■ Exercise brief: Output a character-exact copy of the data, images removed.

■ Recorded data:
==================================================

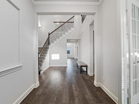 Discover the epitome of elegance in this exquisite 5-bedroom residence nestled within the prestigious M3 Ranch community of Mansfield, TX. This remarkable abode, nearly new and lovingly maintained by its original owner, boasts a generous 5-bedroom, 3-bathroom layout spread across two stories. Upon entering this home, be greeted by a magnificent entryway with towering ceilings and a lengthy foyer adorned with chic modern finishes that exude a sense of grandeur. The sunlit home office, versatile enough to serve as a fifth bedroom or flexible space, adds to the home's allure. Culinary enthusiasts will revel in the chef's kitchen, featuring a gas cooktop, bespoke luxury cabinetry, premium granite countertops, and a spacious island that seamlessly connects to the open-concept living and dining areas—ideal for entertaining or cherished family gatherings. The expansive primary suite is a sanctuary of comfort, complemented by a peacefully indulgent bathroom with dual sinks, a garden tub, a separate shower, and an expansive walk-in closet. The floor plan thoughtfully includes two full bedrooms and bathrooms on the main level, perfect for accommodating guests or multigenerational family living. Ascend to the upper level to discover a versatile game room or secondary living area, along with two generously sized bedrooms and a full bath with double vanities, perfect for family or guests. Year-round outdoor enjoyment is ensured with an enclosed patio. The durable screens provide a sense of openness while ensuring privacy and protection from the elements, allowing you to savor the outdoors in any weather. The backyard offers ample space for a future pool, outdoor kitchen, or both. The expansive 3-car garage is a haven for vehicles, tools, and storage needs. Conveniently located just moments from H-E-B, top-rated Mansfield ISD schools, shopping, dining, and major highways.
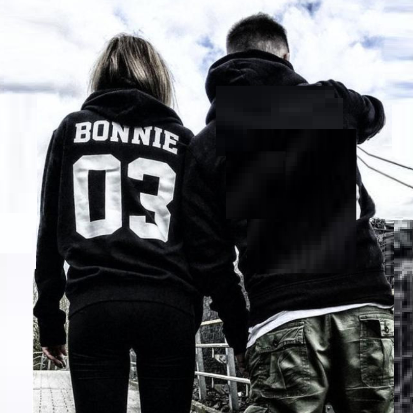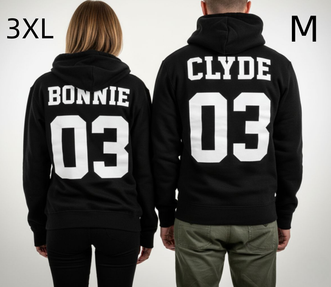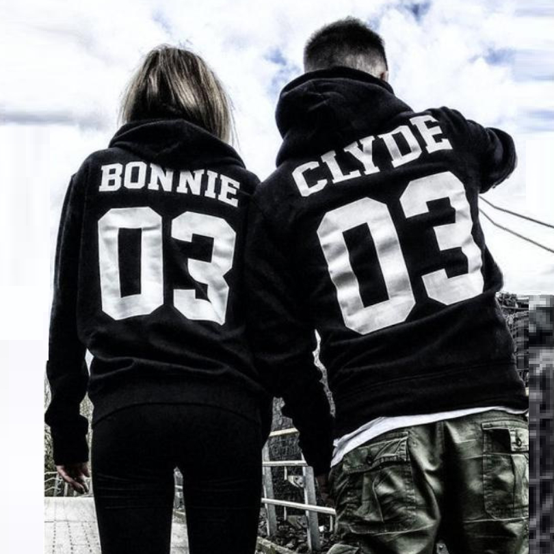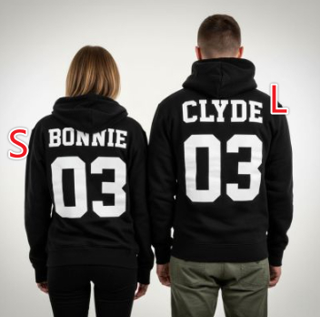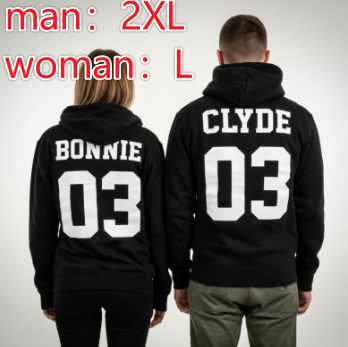 Color: black and white letters female BONNIE03, black and white letters male CLYDE03
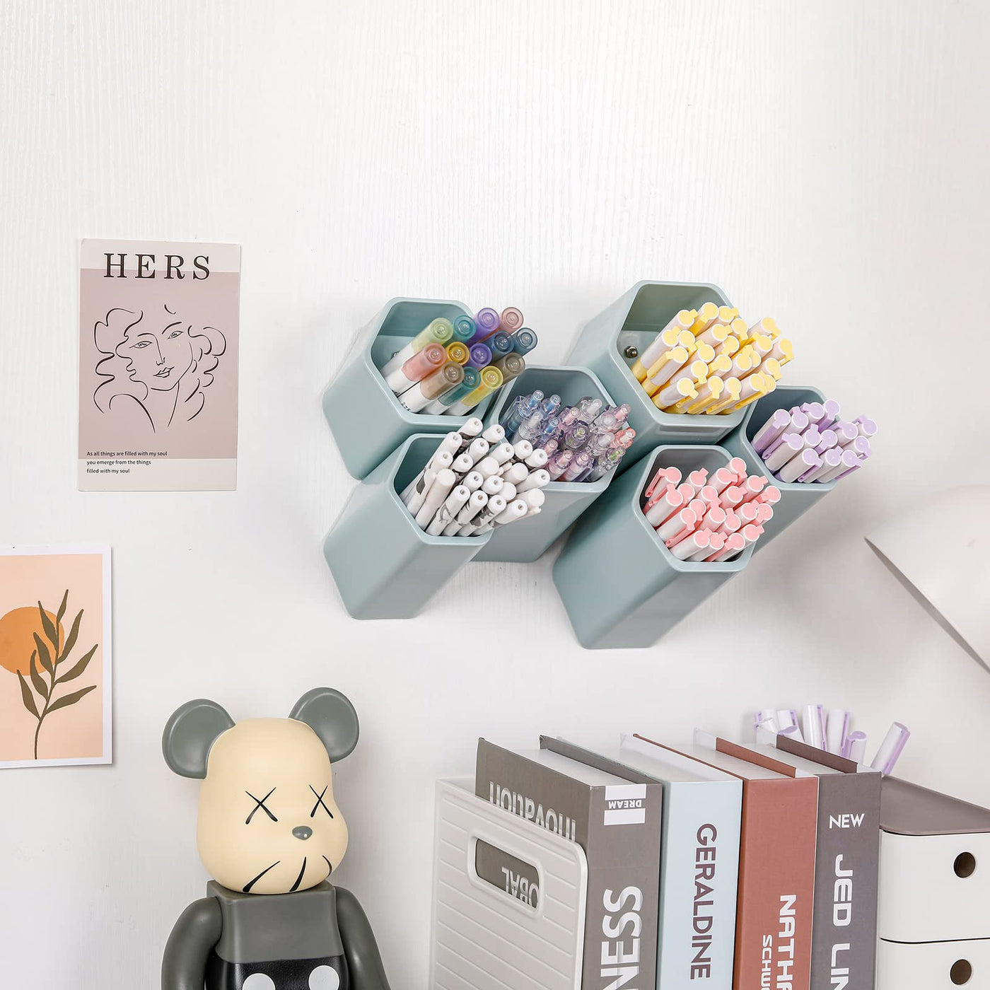 Yesesion Large Pencil Holder For Office, Adhesive Wall-Mounted Pen Cup Set With 6 Compartments, Detachable Marker Organizer For

==================================================

■ Answer area:
 Discover the epitome of elegance in this exquisite 5-bedroom residence nestled within the prestigious M3 Ranch community of Mansfield, TX. This remarkable abode, nearly new and lovingly maintained by its original owner, boasts a generous 5-bedroom, 3-bathroom layout spread across two stories. Upon entering this home, be greeted by a magnificent entryway with towering ceilings and a lengthy foyer adorned with chic modern finishes that exude a sense of grandeur. The sunlit home office, versatile enough to serve as a fifth bedroom or flexible space, adds to the home's allure. Culinary enthusiasts will revel in the chef's kitchen, featuring a gas cooktop, bespoke luxury cabinetry, premium granite countertops, and a spacious island that seamlessly connects to the open-concept living and dining areas—ideal for entertaining or cherished family gatherings. The expansive primary suite is a sanctuary of comfort, complemented by a peacefully indulgent bathroom with dual sinks, a garden tub, a separate shower, and an expansive walk-in closet. The floor plan thoughtfully includes two full bedrooms and bathrooms on the main level, perfect for accommodating guests or multigenerational family living. Ascend to the upper level to discover a versatile game room or secondary living area, along with two generously sized bedrooms and a full bath with double vanities, perfect for family or guests. Year-round outdoor enjoyment is ensured with an enclosed patio. The durable screens provide a sense of openness while ensuring privacy and protection from the elements, allowing you to savor the outdoors in any weather. The backyard offers ample space for a future pool, outdoor kitchen, or both. The expansive 3-car garage is a haven for vehicles, tools, and storage needs. Conveniently located just moments from H-E-B, top-rated Mansfield ISD schools, shopping, dining, and major highways.
 Color: black and white letters female BONNIE03, black and white letters male CLYDE03
 Yesesion Large Pencil Holder For Office, Adhesive Wall-Mounted Pen Cup Set With 6 Compartments, Detachable Marker Organizer For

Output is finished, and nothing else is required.